● YOUR ASSIGNMENT
Down to the last line, retype the records below exactly and skip the pictures.

● DATA FOR THIS EXERCISE
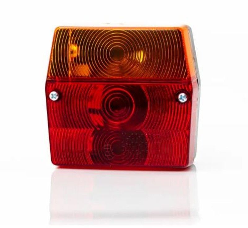 Piloto de remolque izquierdo con bajonete de 4 funciones, ideal para vehículos motorizados. Fabricado en plástico resistente, cuenta con lentes rojas y naranjas con patrón circular para mayor visibilidad. Diseño compacto y seguro, con fijación mediante tornillos metálicos. Perfecto para mejorar la seguridad en carretera.
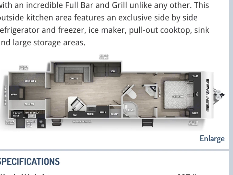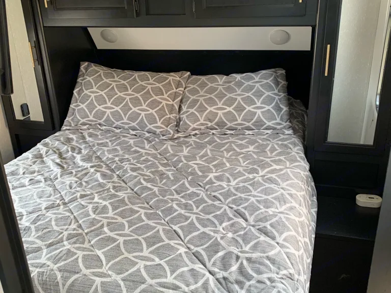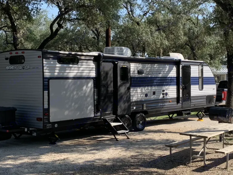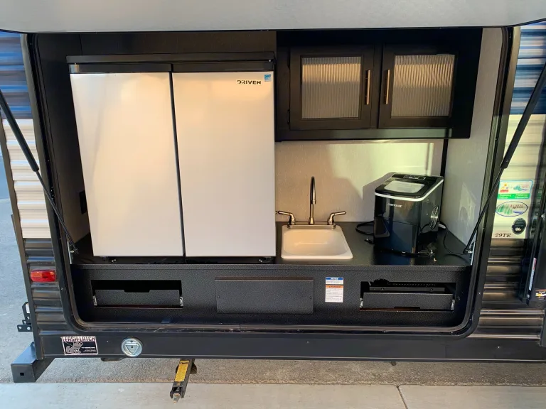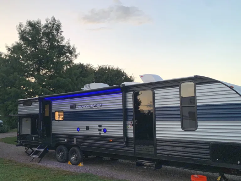 Comfortable, clean bunkhouse travel trailer. This travel trailer features a great outdoor kitchen, power awning and indoor outdoor sound system on the exterior. The interior features a main bedroom with a separate room 3 bed bunkhouse, 2 televisions, U-shaped dinette and jackknife sofa. This is an incredibly nice travel trailer to have an amazing camping trip! What's includedTravel trailer comes with 5 camping chairs, 5 towels, one full propane tanks, basic kitchen utensils, a toaster, a standard coffee pot, clean sheets and pillows for the beds (no blankets) and other misc. supplies to make your camping trip amazing!Other things to noteNo pets
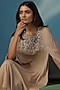 Featuring a gold cape kurta in shimmer georgette base with a round neckline, nakshi, sequins, cutdana and zardosi stone hand embroidery. It is paired with pants. Accentuate with statement jewellery and heels for festive occasions or evening events.
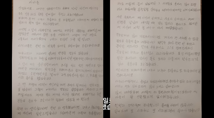 20일 한 유튜브 채널은 밀양 집단 성폭행 가해자 박모씨에게 전달받은 사과문을 공개했다.
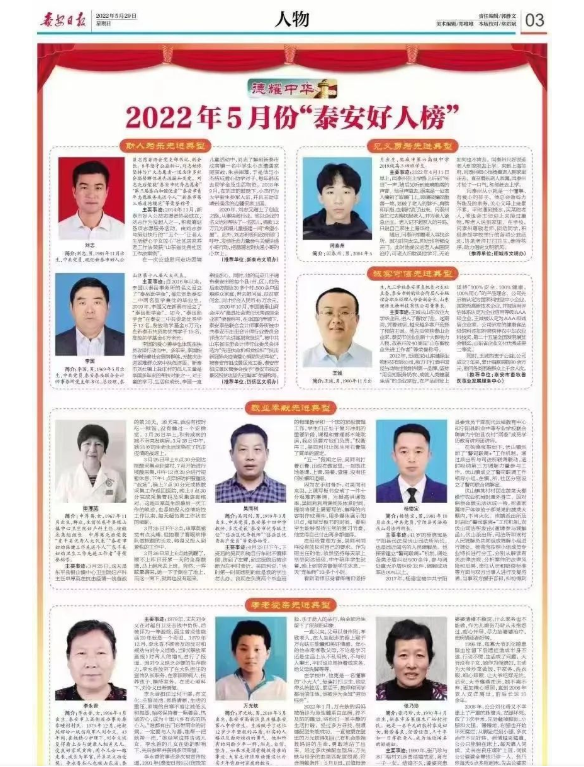 《泰安日報》發(fā)布2022年5月份“泰安好人榜”
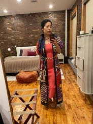 LOVED this piece. So easy to wear. Beautiful detailing with the pleats over the shoulder. Quality construction and the collar holds a pop. Pockets! Just needs a little steam, no need to fuss with the iron. Kaftans can overwhelm a petite hourglass, but this piece snaps together with a belt. Any belt and all the belts-- absolutely needs a belt. So many beautiful colors through this fabric, it was a blast to accessorize! Paired with flippies, strappy heels, loafers, and studded clogs. Worn on date night, beach cover up, mini golfing. This piece made me smile.
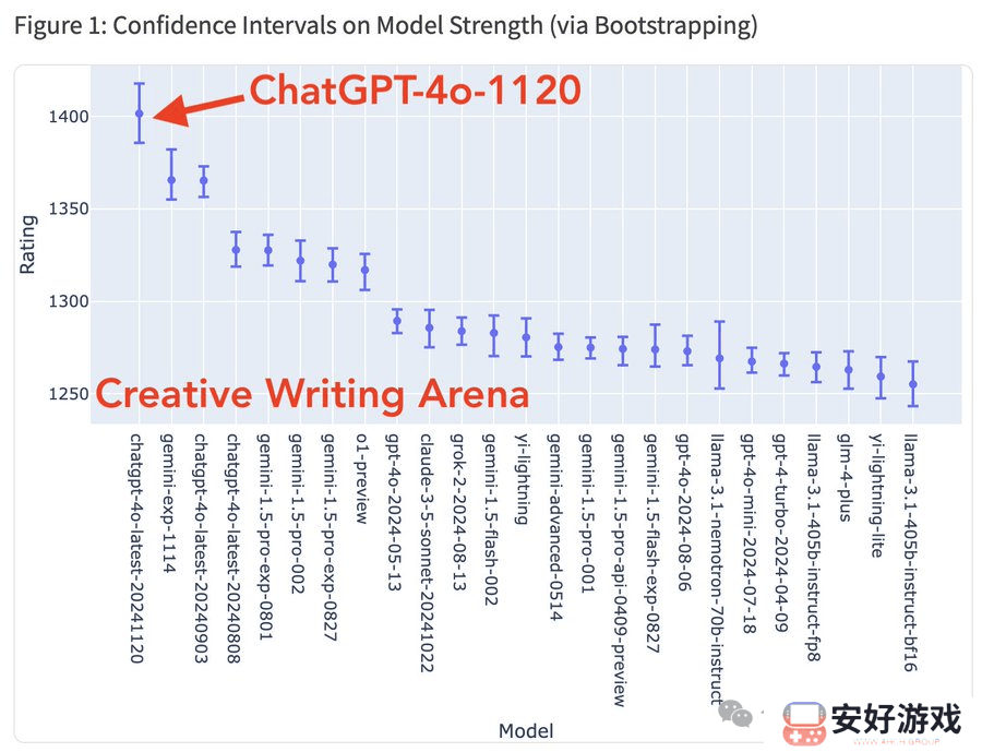 在大模型竞技场的创意写作分榜上,新版4o(ChatGPT-4o-1120)的得分从上一个版本的1365跃升至1402,进步显著。同时,在代码能力、数学能力、困难任务以及风格控制等多个方面,4o也均有所提升,成功从之前的第二名跃升至第一名。
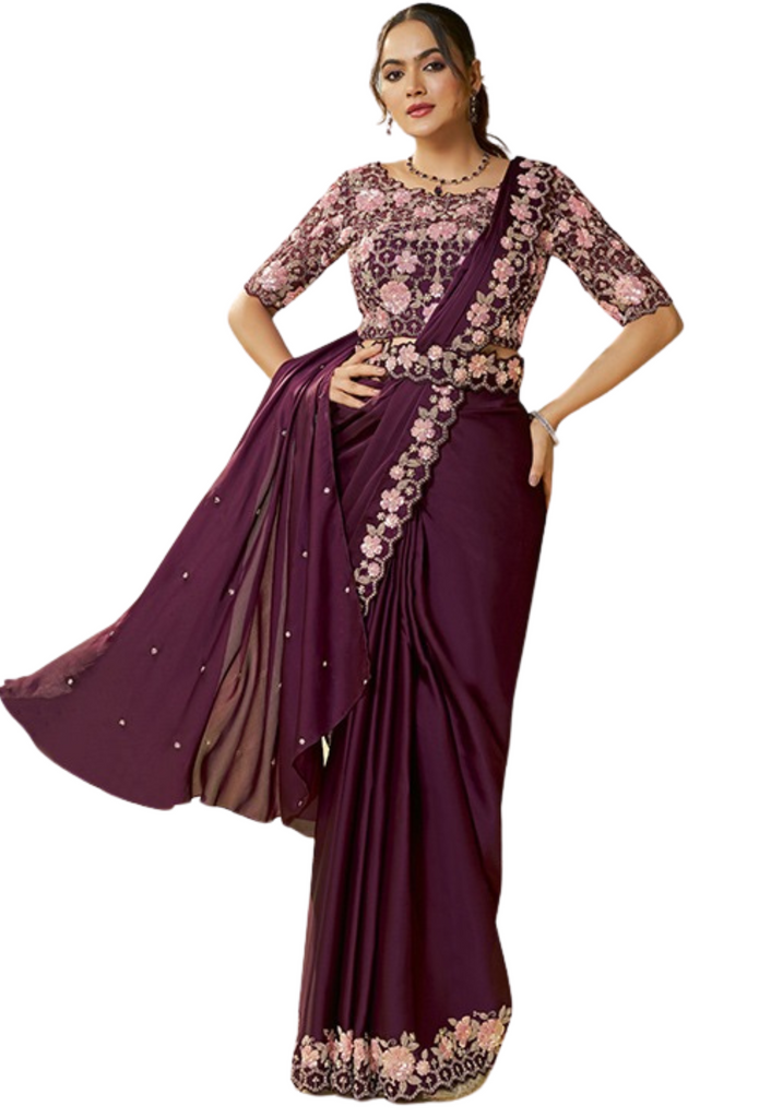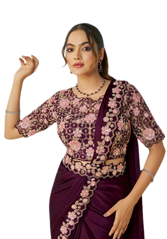 Sombre et élégant, le sari Pranvi en soie satin prune royal est magnifié par des broderies en pierres et sequins. Avec son bustier cousu et ses plis fixés, il incarne un parfait équilibre entre modernité et tradition.
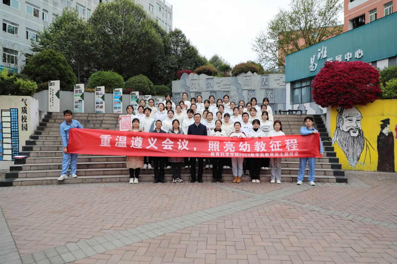 为纪念遵义会议召开90周年暨习近平总书记“运用好遵义会议历史经验,让遵义会议精神永放光芒”重要指示10周年,全面贯彻党的二十大、二十届三中全会精神,通过多形式、多维度活动深入贯彻遵义会议精神,将其与青年学子的思想教育紧密结合。2025年3月28日,教育科学学院在“一站式”学生社区服务中心召开以“重温遵义会议照亮幼教征程”为主题的“纪念遵义会议90周年”主题班会暨主题团日活动。校党委委员、副校长潘运作为此次班会的主讲人,带领大家探寻红色精神与教育使命的深刻联结。学生工作部部长何毅、副部长杨兴萍、副部长官鹏飞、教育科学学院党委书记肖湘萍、院长宋万琚、副书记傅小芳、辅导员鲁蓓蓓、2023级学前教育专业全体同学参加了本次班会暨主题团日活动。

● RESULT BELOW
 Piloto de remolque izquierdo con bajonete de 4 funciones, ideal para vehículos motorizados. Fabricado en plástico resistente, cuenta con lentes rojas y naranjas con patrón circular para mayor visibilidad. Diseño compacto y seguro, con fijación mediante tornillos metálicos. Perfecto para mejorar la seguridad en carretera.
 Comfortable, clean bunkhouse travel trailer. This travel trailer features a great outdoor kitchen, power awning and indoor outdoor sound system on the exterior. The interior features a main bedroom with a separate room 3 bed bunkhouse, 2 televisions, U-shaped dinette and jackknife sofa. This is an incredibly nice travel trailer to have an amazing camping trip! What's includedTravel trailer comes with 5 camping chairs, 5 towels, one full propane tanks, basic kitchen utensils, a toaster, a standard coffee pot, clean sheets and pillows for the beds (no blankets) and other misc. supplies to make your camping trip amazing!Other things to noteNo pets
 Featuring a gold cape kurta in shimmer georgette base with a round neckline, nakshi, sequins, cutdana and zardosi stone hand embroidery. It is paired with pants. Accentuate with statement jewellery and heels for festive occasions or evening events.
 20일 한 유튜브 채널은 밀양 집단 성폭행 가해자 박모씨에게 전달받은 사과문을 공개했다.
 《泰安日報》發(fā)布2022年5月份“泰安好人榜”
 LOVED this piece. So easy to wear. Beautiful detailing with the pleats over the shoulder. Quality construction and the collar holds a pop. Pockets! Just needs a little steam, no need to fuss with the iron. Kaftans can overwhelm a petite hourglass, but this piece snaps together with a belt. Any belt and all the belts-- absolutely needs a belt. So many beautiful colors through this fabric, it was a blast to accessorize! Paired with flippies, strappy heels, loafers, and studded clogs. Worn on date night, beach cover up, mini golfing. This piece made me smile.
 在大模型竞技场的创意写作分榜上,新版4o(ChatGPT-4o-1120)的得分从上一个版本的1365跃升至1402,进步显著。同时,在代码能力、数学能力、困难任务以及风格控制等多个方面,4o也均有所提升,成功从之前的第二名跃升至第一名。
 Sombre et élégant, le sari Pranvi en soie satin prune royal est magnifié par des broderies en pierres et sequins. Avec son bustier cousu et ses plis fixés, il incarne un parfait équilibre entre modernité et tradition.
 为纪念遵义会议召开90周年暨习近平总书记“运用好遵义会议历史经验,让遵义会议精神永放光芒”重要指示10周年,全面贯彻党的二十大、二十届三中全会精神,通过多形式、多维度活动深入贯彻遵义会议精神,将其与青年学子的思想教育紧密结合。2025年3月28日,教育科学学院在“一站式”学生社区服务中心召开以“重温遵义会议照亮幼教征程”为主题的“纪念遵义会议90周年”主题班会暨主题团日活动。校党委委员、副校长潘运作为此次班会的主讲人,带领大家探寻红色精神与教育使命的深刻联结。学生工作部部长何毅、副部长杨兴萍、副部长官鹏飞、教育科学学院党委书记肖湘萍、院长宋万琚、副书记傅小芳、辅导员鲁蓓蓓、2023级学前教育专业全体同学参加了本次班会暨主题团日活动。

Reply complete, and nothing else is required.